From the first line of the material to the line containing "Once the chest", inclusive, write out each line exactly, leaving out the pictures.
SUPPLIED INFORMATION START
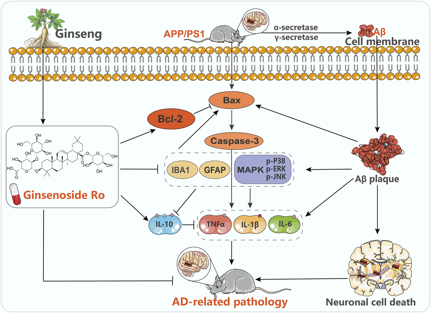 Li T, Chen J, Xie Z, Fang J, Wu Q, Cao X, Chen Z, Wang Y, Fan Q, Wang Q and Liu J (2025) Ginsenoside Ro ameliorates cognitive impairment and neuroinflammation in APP/PS1 mice via the IBA1/GFAP-MAPK signaling pathway. Front. Pharmacol. 16:1528590. doi: 10.3389/fphar.2025.1528590
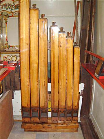 Once the chest and pipes had been completed, it was time for testing. The whole assembly was mounted in an upright position inside the lorry, and the blower connected, via the overhauled reservoir. The picture shows the first seven pipes in position. When switching on the supply, the motor ran for a few seconds before dying. The power supply had fused. The yard was supplied by 3-phase, but fuses were not accessible to me. The yard's owner needed to fix it, but that wasn't done for a few weeks, so the testing process had to be put on a back-burner, and work continued at home on smaller parts.
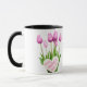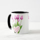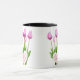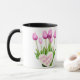 Pink Tulip Bouquet Happy Mother's Day Mug Esta taza de café de cerámica presenta un hermoso diseño de tulipanes rosados con un mensaje "Happy Mother's Day" escrito dentro de una forma cardíaca. Es un regalo perfecto y asequible para mamá para mostrar su aprecio en el Día de la Madre. Diseño: tazón floral, tazón ramo, tazón rosado.
SUPPLIED INFORMATION END
_WRITTEN SOLUTION_
 Li T, Chen J, Xie Z, Fang J, Wu Q, Cao X, Chen Z, Wang Y, Fan Q, Wang Q and Liu J (2025) Ginsenoside Ro ameliorates cognitive impairment and neuroinflammation in APP/PS1 mice via the IBA1/GFAP-MAPK signaling pathway. Front. Pharmacol. 16:1528590. doi: 10.3389/fphar.2025.1528590
 Once the chest and pipes had been completed, it was time for testing. The whole assembly was mounted in an upright position inside the lorry, and the blower connected, via the overhauled reservoir. The picture shows the first seven pipes in position. When switching on the supply, the motor ran for a few seconds before dying. The power supply had fused. The yard was supplied by 3-phase, but fuses were not accessible to me. The yard's owner needed to fix it, but that wasn't done for a few weeks, so the testing process had to be put on a back-burner, and work continued at home on smaller parts.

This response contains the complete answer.